When Russia invaded Ukraine in the spring of 2022[1], President Vladimir Putin incorrectly[2] assumed it would be a swift takeover[3].

In fact, three years on, negotiators from both countries are tentatively[4] exploring the idea of a negotiated way out of a largely stalemated conflict.

So what did the Kremlin’s initial assessment get wrong? Aside from underestimating the vulnerabilities of Russia’s military[5], analysts have suggested that Moscow also miscalculated the support[6] Russia would receive from Ukrainians in the country’s east who have close ethnic ties to Russia.

Our recently published study[7] on Ukrainian sentiment toward Russia before and after the invasion backs up that assertion. It demonstrates that even those Ukrainians who had close ties to Russia based on ethnicity, language, religion or location dramatically changed allegiances immediately following the invasion. For example, just prior to the invasion of 2022, native Russian speakers in Ukraine’s east[8] tended to blame the West for tensions with Russia. But immediately after the invasion, they blamed Moscow in roughly the same numbers as non-Russian-speaking Ukrainians.

Moreover, this shift was not just a short-lived reaction. Three years after the invasion, we followed up on our survey and found that Ukrainians still blame Russia for tensions to a degree that was never so unanimous before 2022.

A natural experiment

Our study is part of a larger project exploring how effective Russian propaganda[9] has been at influencing Russian-speaking adults in certain former Soviet states. Our inaugural survey was launched in the fall of 2020, while the question regarding tensions between Ukraine and Russia was first posed in February 2022, immediately prior to Russia’s invasion of Ukraine.

Surveys were completed by over 1,000 Russian-speaking people in Ukraine − excluding Crimea and the breakaway Donbas region for security reasons − and in Belarus. While the spring surveys in Ukraine were conducted in person, the others were done by telephone due to the political situation in each country.

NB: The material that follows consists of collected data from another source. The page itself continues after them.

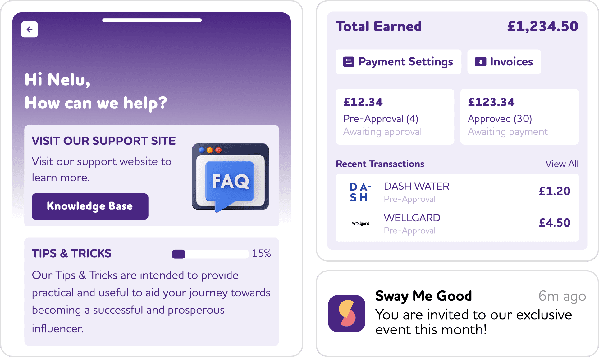 Qualifying influencers on Sway Me Good are able to join our different forums, share feedback directly, get early insights into new features and invites to training and events.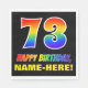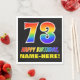 Dieses bunte, lustige und fröhliche Geburtstagsthema Papier Serviette Design zeigt eine große Zahl "73" und die Nachricht "GLÜCKLICH BIRTHTAG", beide mit einem inspirierten Regenbogenspektrum-Farbverlauf, zusammen mit einem kühnen gelben personalisierten Empfängernamen. Der Hintergrund ist schwarz. Spaß, personalisierbare Papierservietten wie diese könnten bei einem Party genutzt werden, um jemandes siebzigsten Geburtstag zu feiern. [~Z0000476]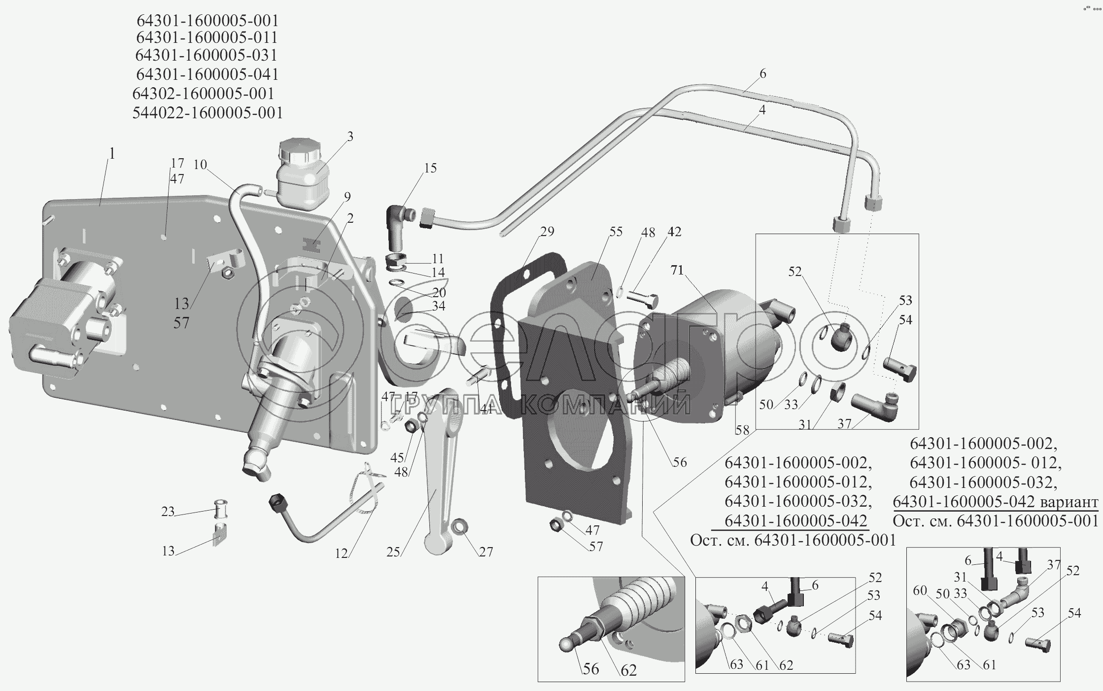 Каталог запасных частей к технике: МАЗ-6430A8 (5440A8, 5440A5). Установка механизма управления сцеплением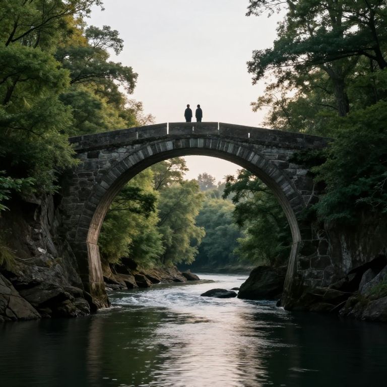Silent figures stand atop a stone arch bridge, spanning the tranquil waters between towering, forested cliffs under a soft, hazy sky.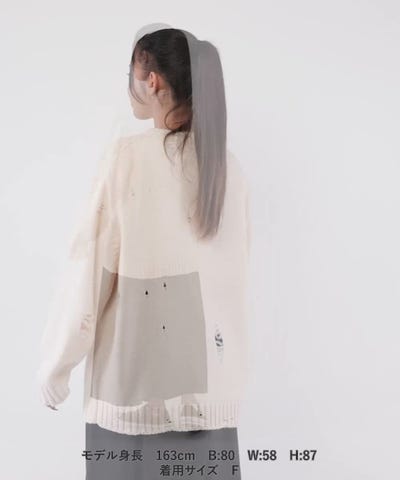 デニムパンツやスウェットパンツを合わせてボーイズライクにも、スカートを合わせてガールズな雰囲気コーディネート出来るダメージニット。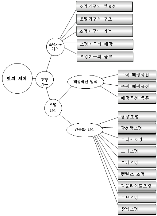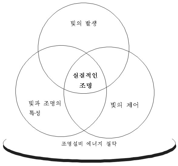 조명은 자연광이 주체가 된 주광조명과 인공광원이 주체가 된 인공조명으로 크게 불리할 수 있으며 그 조명의 실체는 조명설비의 에너지절약 바탕 위에 빛의 발생, 빛의 제어, 빛과 조명의 특성이 조화롭게 구성되어 있다고 하여야 하겠다.

Belarus was chosen because it shares a similar historical, linguistic and ethnic background to Ukraine, but the two nations have diverged in their geopolitical paths. Shortly after the fall of the Soviet Union in 1991, Belarus, like Ukraine[10], forged ahead in attempting to build democratic systems. But after Belarusian President Alexander Lukashenko came to power in 1994[11], the country become an authoritarian state with a high dependence on Russia[12] for political and economic support.

In broad terms, Ukraine has had an opposite trajectory. Relations between Ukraine and Russia fluctuated over the initial years of independence. But since the Maidan revolution[13] of November 2013 to February 2014, a staunch pro-Western leadership has emerged.

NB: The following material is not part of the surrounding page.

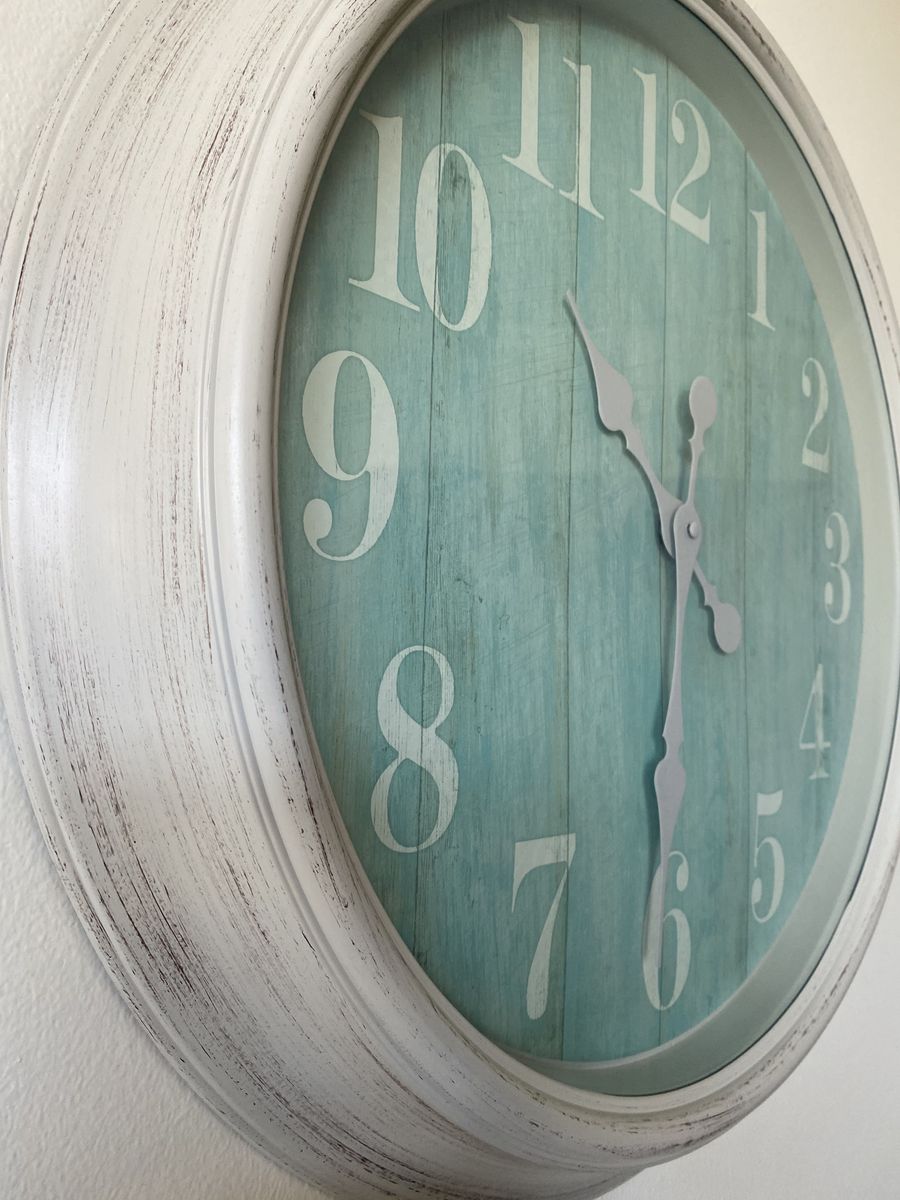 Approximately 22 inches across wall clock in excellent working condition. Cream/Aqua. Comes from a clean house. Pick up in Clinton. Only $20

Still, certain segments of the population[14] in Ukraine continued to hold affinities toward Russia – most notably, the Russian-speaking older generation in the country’s east.

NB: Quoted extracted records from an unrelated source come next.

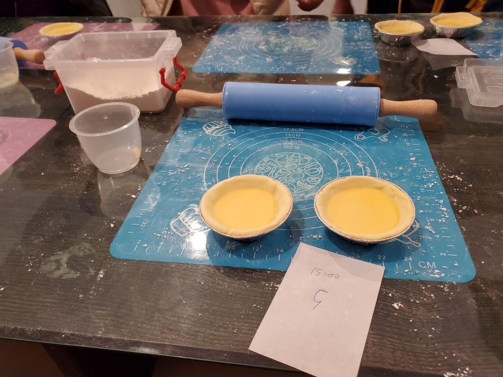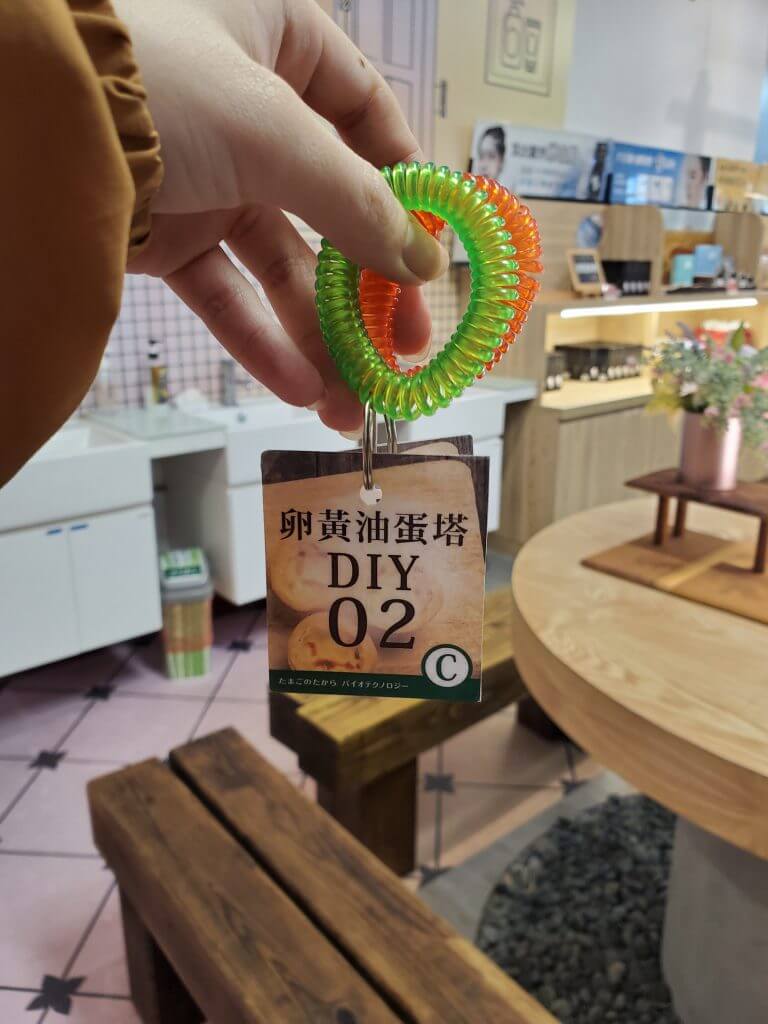 將卵黃油製成的蛋塔餡倒入餅皮內以後,DIY老師會一人發一張號碼牌,要記得自己的號碼,30分鐘後就可以和櫃檯的工作人員領取烤好的蛋塔啦~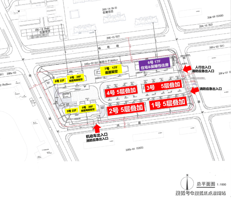 从规划方案来看,「翡雲悦府」二期楼栋的分布总体呈南低北高,东低西高的格局。东南侧分布4栋叠墅,西侧排布2栋22-26层的大高层,北侧排布2栋17层的高层,地块内保障房位于东北角。
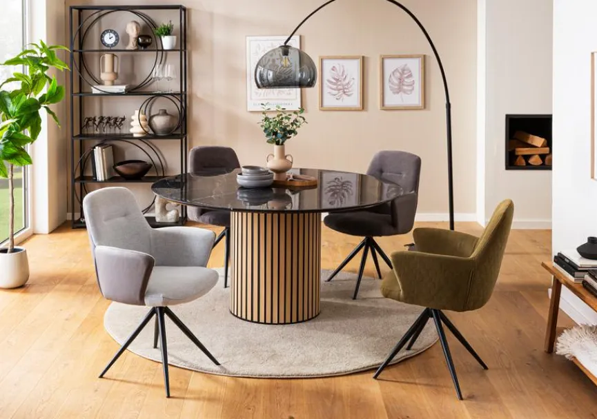 In stilvollen Interieurs liefert der attraktive Esstisch Dash Ø 150 cm die besten Voraussetzungen für gemütlich eingenommene Mahlzeiten oder für unterhaltsame Gesprächsrunden. Die gelungene Materialkombination aus glänzenden und matten Elementen verleiht dem harmonisch geformten Esszimmertisch das gewisse Etwas und setzt aparte Akzente. Als optisch ansprechender Treffpunkt bereichert der Esstisch Dash Ø 150 cm jedes Zuhause.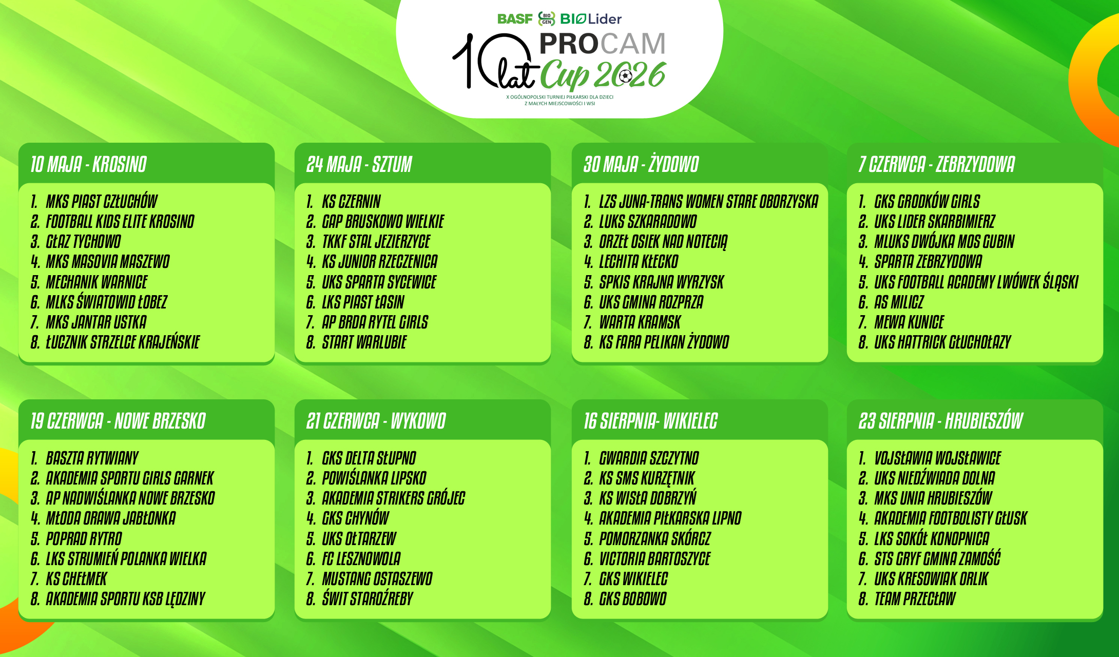 Zakończyliśmy etap zgłoszeń do PROCAM CUP 2026 i możemy oficjalnie ogłosić zespoły, które zostały zakwalifikowane do tegorocznych rozgrywek.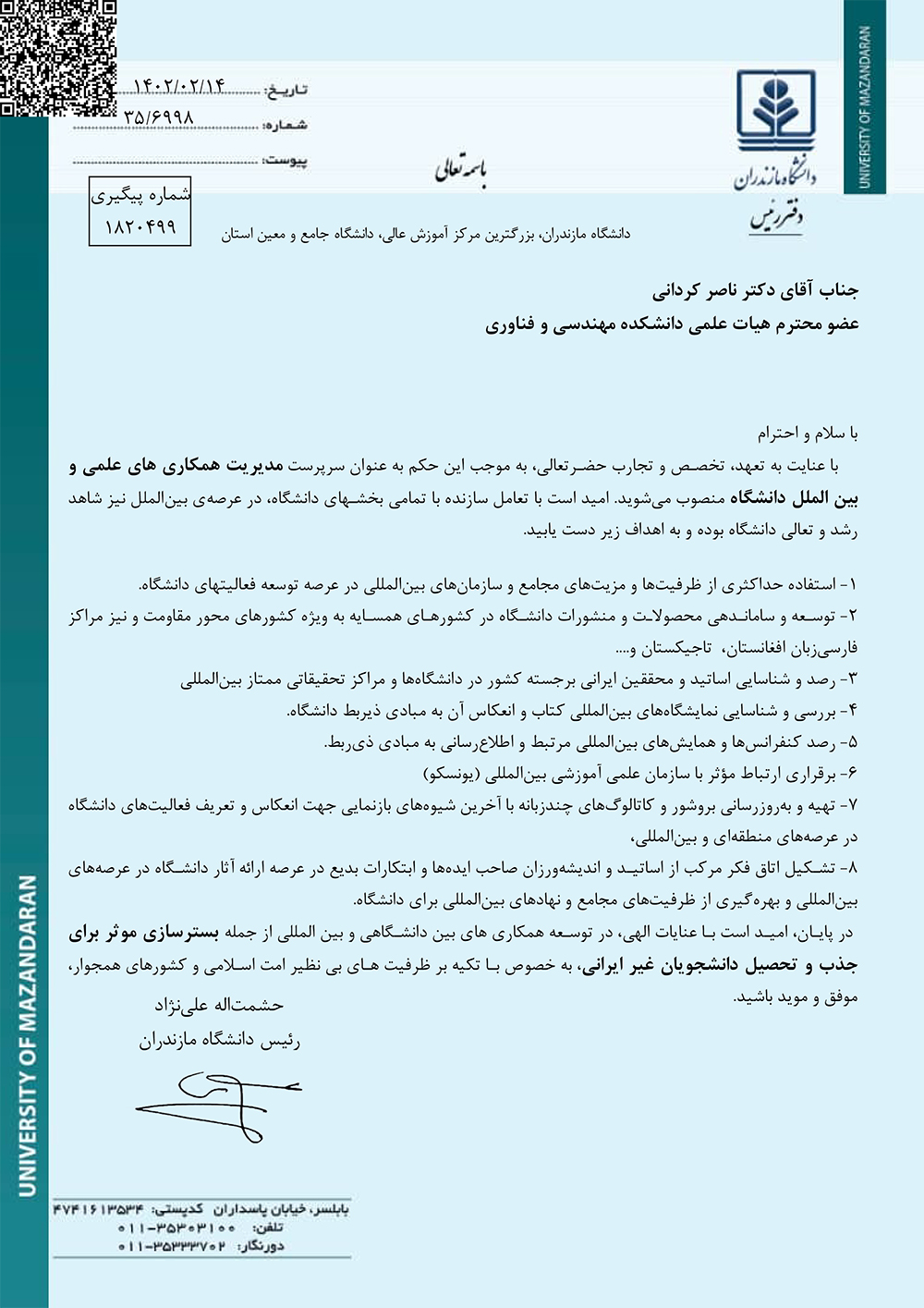 سرپرست مدیریت دفتر همکاریهای علمی بینالملل دانشگاه مازندران منصوب شد - دانشگاه مازندران

Our surveys provide a kind of natural experiment looking at the impact of a Russian invasion on previous pro-Russian public sentiment.

Ukraine serves as the “treatment” group and Belarus as a “quasi-control” group, with the distinguishing factor being a Russian invasion. The questions we asked: “Who do you think is responsible for the worsening tensions between Russia and Ukraine?” and “In general, how do Russian policies affect your country?”

A group of people are seen sitting around a large table.
Ukrainian, American and Russian delegates meet for peace talks on May 16, 2025, in Istanbul, Turkey. Arda Kucukkaya/Turkish Foreign Ministry via Getty Images[15]

Converging blame

We found that in Ukraine, but not in Belarus, geopolitical views were sharply unified by the experience of the invasion. On one level, this is not surprising – after all, the people of a country being invaded would be expected to hold some degree of resentment to the invading army.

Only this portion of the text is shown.